Monday, December 20, 2010

The Pedophile’s Guide author arrested for obscenity

| »
‘The Pedophile’s Guide To Love & Pleasure: A Child-Lover’s Code Of Conduct’

Last November, the Internet suddenly boiled with the news that was selling a book titled The Pedophile’s Guide To Love & Pleasure: A Child-Lover’s Code Of Conduct, which was described as a manual purportedly informing pedophiles how to engage in sexual relations with children in a harmless manner. (Again, that’s from the book’s own back-cover description, not mine.) The outcry was as sharp as you’d expect, and before long, Amazon removed the offending book from its listings.

Now, it may be no secret that I don’t consider pedophilia, in itself, to be morally wrong, no more than any other sexuality, no matter how “deviant” society may perceive it as. (It’s the act of molesting children that’s morally wrong, and neither is it inherent to pedophilia, nor are all child molesters pedophiles. Hence my pet peeve with people continually lumping pedophiles and child molesters in the same group; don’t.) However, this being a self-proclaimed guide to consummating sexual relations with children, it had an undeniably high potential for use in harmful acts, and therefore had no place on; thus, and I fully support its removal.

[Update: As mentioned in the comments, I’ve changed my mind and now assert that though it’s certainly Amazon’s right to remove whatever item(s) they wish from their listings for whatever reason(s), doing so is still wrong on the basis that the book, itself, posed no threat to anyone for the simple reason that child molesters don’t need a ruddy guide in order to abuse children, and that decent people won’t be tempted to bugger minors simply because they read a book about it.]

What I most certainly don’t support, though, is its author, Phillip R. Greaves [pictured], being arrested merely for writing (or distributing) it. From The Huffington Post:

Phillip R. Greaves, author of ‘The Pedophile’s Guide’
Phillip R. Greaves

Now, the book's author, Phillip R. Greaves, has been arrested in Colorado for violating Florida state obscenity laws, reports Central Flordia News 13.

According to the Polk Country sheriff's office in Florida, Internet Crimes Division detectives contacted Greaves at his Colorado home and requested a copy of "The Pedophile's Guide to Love and Pleasure." Greaves allegedly sent a signed copy to the Polk County deputies.

The transaction led to Greaves's arrest on December 20, writes CFNews13.

Greaves faces third-degree felony charges for "distribution of obscene material depicting minors engaged in conduct harmful to minors," according to the Orlando Sentinel.

This is nothing more than a plain affront to freedom of expression. Regardless of what one might think of the book and the man who wrote it, he nonetheless did nothing (morally) wrong in penning, publishing or selling it. If he’d been arrested out of reasonable suspicion of committing child sexual abuse, that would be one thing, but to detain him simply because he wrote something that people don’t like is morally repugnant and is equal to any other form of censorship.

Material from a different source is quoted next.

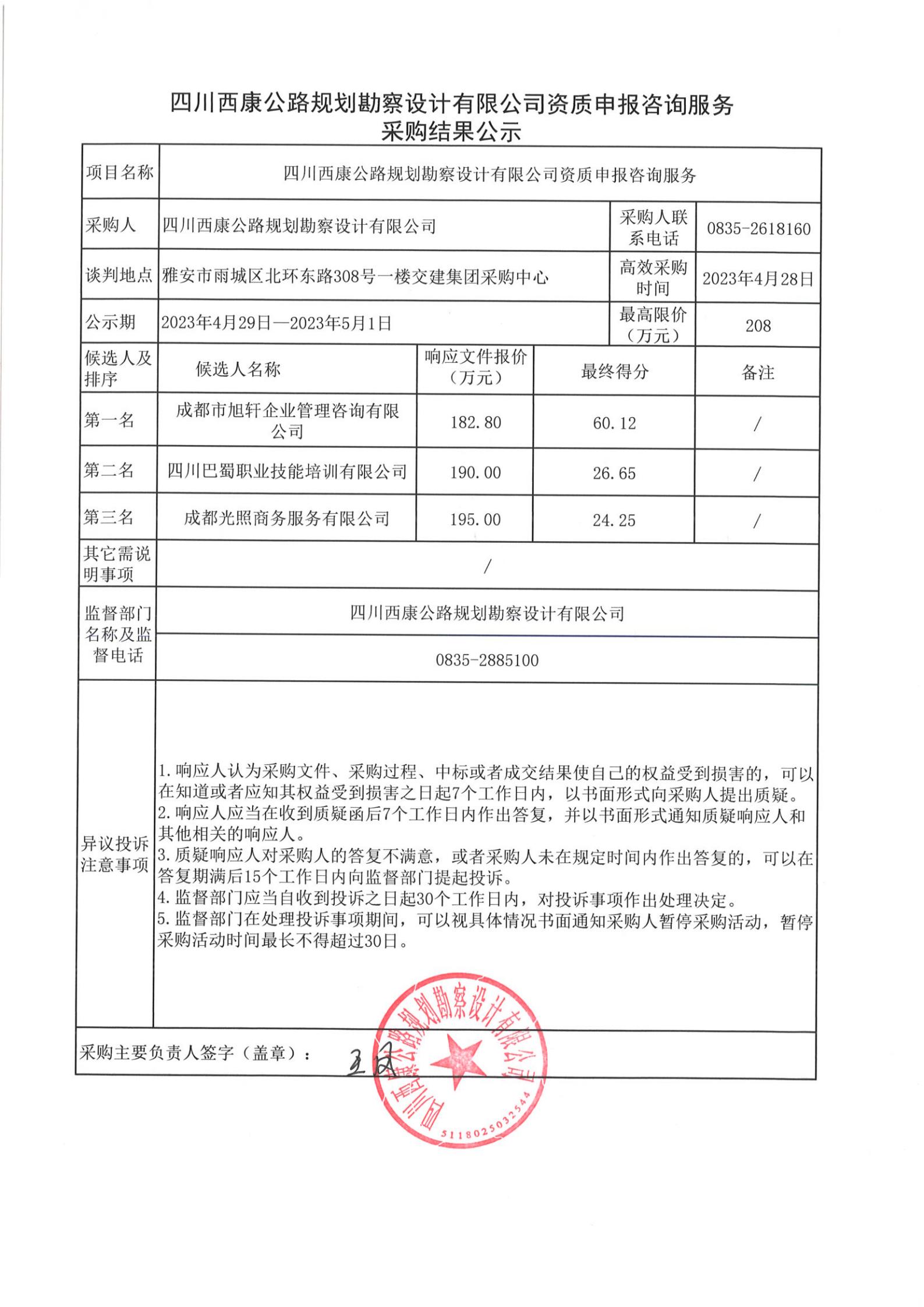 四川西康公路規(guī)劃勘察設(shè)計(jì)有限公司資質(zhì)申報(bào)咨詢服務(wù)采購結(jié)果公示

Obscenity laws are bullshit, serving only to suppress bold, critical or otherwise unorthodox speech and material because it might offend people’s precious sensibilities (much as it clearly has, here). Of course, if obscenity laws were to be enforced across the world, just about half of the Internet would instantly be wiped out (including this very blog, and it’s not as though this were a porn site or anything, either). At that’s just for starters. The fact that Greaves thinks it okay to have sex with children may be reprehensible (or more) to some, but that doesn’t give anyone the right to shut him up or throw him behind bars for it. Until or unless we have any credible evidence of actual (moral) wrongdoing in his case, he should be declared innocent and treated as such.

Edit: (12/22/10 5:40 PM) – Thanks – I guess – to Uzza for reminding me how it isn’t always clear, despite my best intentions, whether “wrongdoing” is intended to mean a morally or legally negative act. I’ve clarified that what Greaves did was not morally wrong, even if the law unfairly states that he should be locked up for it.